The Fed has moved rates up and they will continue to tick up as the Fed tried to balance growth with an interest rate cushion against the next recession. The Fed promises to be transparent and predicable. Predictable is good. Risk is inevitable. Uncertainty is bad. The Fed is not the problem.

There’s plenty of money available to buy or refinance. Bankers can’t resist lending on MFRE. The best lenders compete robustly, not only for the best deals but for deals. The rest of the pack hopes to tie up some deals with enough pot sweetening and appraised values high enough. There may be too many partygoers to fit in the room. This is a potential problem. Undisciplined debt helped create the last downturn.

A major investor survey suggests that the beginnings of a correction may be in the offing. It reports that enthusiasm seems to have throttled down since end of 2015. The sense is that pricing is at or near peak levels in most major metropolitan area markets. The influence of aggressive foreign investment signals caution. Too much money chasing too few deals will breed what might look like a market bubble in hindsight.

Anecdotal evidence suggests many equity investors and lenders are laying back or at least trying to buy and lend smarter, both of which are hard to do in a market of limited inventory and toothy demand. The smart ones are happy with their take this time around. Seasoned investors who find prices to be increasingly unsustainable in an uncertain future let the rookies, speculators, and investors investing at any price rush in. That sort of activity at a market peak is a problem waiting to happen.

Investors worry about the future. With not a lot of upside on rental growth and with no meaningful cap rate compression, investors may be thinking that there isn’t much else to be extracted from this particular MFRE lode.

The long run of cap rate compression has generally slowed to a crawl at most levels of the market.
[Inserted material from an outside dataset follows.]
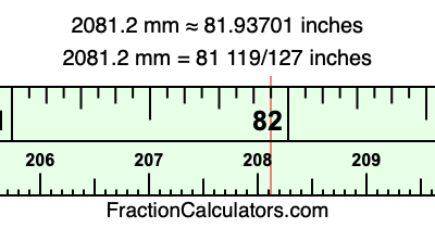 Here is how to convert 2081.2 mm to inches. We will give you the fractional answer, the decimal answer, and illustrate the answer on our tape measure.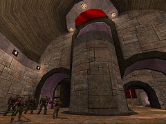 ![]() (Size: 6.5 meg. No Alternative downloads. Direct link: Czg07) Speedrun demos: Czg07b in 0:52 and Czg07c in 0:42 ![]() ![]() Note: These maps require a reasonable standard PC to run, with GLQuake recommended, and you may need to allocate more RAM to Quake - see the included text and/or Help page. An awesome 4 map unit, with very distinctive level design, layout, and gameplay. It consists of a start map and 3 enormous, consecutive, single player maps. There's a story, and an ending text, that are just plain weird, while the connection between the levels is very smooth. The start map is a hellish, organic/industrial building, floating in space, reminiscent of Zerstorer's more disturbing moments, the bizarre setting and designs are something to admire, like the cool "teeth" of rock you initially jump across. The first two main maps are Q2-textured industrial bases, with subtle golden/beige walls, lots of grilles and ribbed trim, dark rocks and caverns, and hi-tech light details. The final map is a Q3A-textured gothic bastion, rather colourful with grey stone or turquoise walls, purplish metal beams, a very nice rock texture, a lurid red sky, blood pools and cool bloodfalls (with their own eerie noise), and skulls and runes as details. All maps stick to their theme precisely, with the second map subtly blending the base into caverns and then a gothic temple. The strong styling of all the levels, with their original architecture and complexity, gives them a good atmosphere of awe and discovery. ![]() ![]() Architecture is spectacular and expertly built: It eschews small intricate designs and lots of details, in favour of massive structures, excellent curves, and fantastically complex layouts. Buildings, courtyards, and complex rooms are all built into sections of well angled natural rock, and all maps feature water or blood. Designs are huge, heavily built, and complex: Tower-like sections jut out from corners, walkways circle around courtyards, supporting beams arch overhead, and there's always exciting designs to catch the eye. Curves are everywhere, enhancing almost all structures via arches, bowls and domes, with good clean textures that show off the curves well. A couple of weaknesses: The lighting is sometimes a bit bright or flat - more contrast would enhance the atmosphere. And there are a few rooms and corridors that are blocky or simple compared to the more impressive areas elsewhere. But that hardly detracts from the general architectural standard, which is excellent, and as good as anything seen in Quake. However, the higher than average system requirements may be a serious problem for a few players, though in the year 2001 almost everyone should be able to run maps like these. The map layouts are particularly impressive, due to their complexity and interconnectivity, which sometimes leads to a tremendous amount of exploration. There are several sections where you'll find two or more seperate route choices, so you can explore or backtrack at will - eventually reappearing somewhere you recognise from a different direction. The second map is the most interesting for such exploration, but in all maps you progress through familiar areas via different routes, giving an immersive feel. However, there's an obvious problem with this otherwise exciting exploration: Often you can fall or jump down into previous areas, and have to walk a very long way to get back. A few extra doors and lifts do open to alleviate this, but more would have allowed quicker navigation as you progress. There's a few secrets in each map, generally useful and fairly easy to find - I'd have liked more secrets as there's lots of places for them in maps this size. ![]() ![]() Gameplay is great, and distinctive due to the huge amount of monsters and the exceptionally fair gameplay balance. Monster counts are shocking: 230, 206, 194 on Hard skill!! Amazingly, combats are rarely crowded and never overwhelming, with monsters well spread throughout the maps. Large gangs are extremely common, but there's either plenty of room to move, or a good escape route, or you can spot them from a distance. Also, they're susceptible to explosive weapons and infighting - a brawl between 6 Fiends and 5 Deathknights being a great spectacle. The base maps are focused on sniping and using cover well - charging into rooms of Grunts and Enforcers being inadvisable. This, like in Apsp1, gives a great, infiltrative feel. The gothic map allows a less cautious approach, with better weapons and more open areas. The balance in these maps is really impressive - there's appropriately plentiful caches of ammo, adequate but not excessive health, and the combats are always very fair, even the surprises and shocks (some very good ones) are well set-up to provide excitement without frustration. The challenge comes from keeping calm and playing steadily, rather than dealing with item shortages or nasty situations. Skill settings are in effect too. Unfortunately, the ending is, well, missing - the last map simply finishes with a reasonable ambush, but given what's gone before, the lack of an epic combat is really disappointing, it could have been the crowning achievement on otherwise "near perfect" maps. Even so, with 2-3 hours solid gameplay in some of the greatest maps around, this is an essential release. - - - - - - ![]() |

Cap rates, with some local and specific exceptions, are likely to remain reasonably stable going forward, or, at least not go down much more.

While strong urban and transportation influenced location will continue the urban village trends, the rather amazing expansion in the supply of multi-family units within I-495 has many landlords and potential landlords wondering where good quality tenants will come from. Expect vacancy creep up.

On the other hand, there are many MFRE markets – outlying ones to the west of the Boston core – that show a much different risk profile. There, where economies are still destabilized, population growth trends negative, and housing tends to be well-used, buyers are more concerned with the certainty of cash flow rather than with wild appreciation.

Many investors in those tertiary markets are faced with finding good quality tenants. Margins are slimmer there and after paying Real Estate Taxes, needed repairs, and the Bank Loan. Tenants not paying or paying only some rent crimps cash flow. Management has to work harder.

The problem of landlords in outlying markets is not just vacancy but collections. There is nothing worse than space that is occupied but not producing rent. Appraisers take note.

With the concerns about tenant quality and general economic conditions, these outlying markets show much higher capitalization rates commensurate with risk. Appraisers and lenders should pay attention to the higher risk profiles of these outlying markets and not be misled by comparison with the much lower cap rates prevalent in core markets.

It’s not time to sound alarms but a warning bell may be in order. While the imminent meltdown of MFRE is not before us, manage expectations about the future wisely.

William Pastuszek, Jr., MAI, SRA, MRA is the principal of Shepherd Associates, Newton Center, Mass.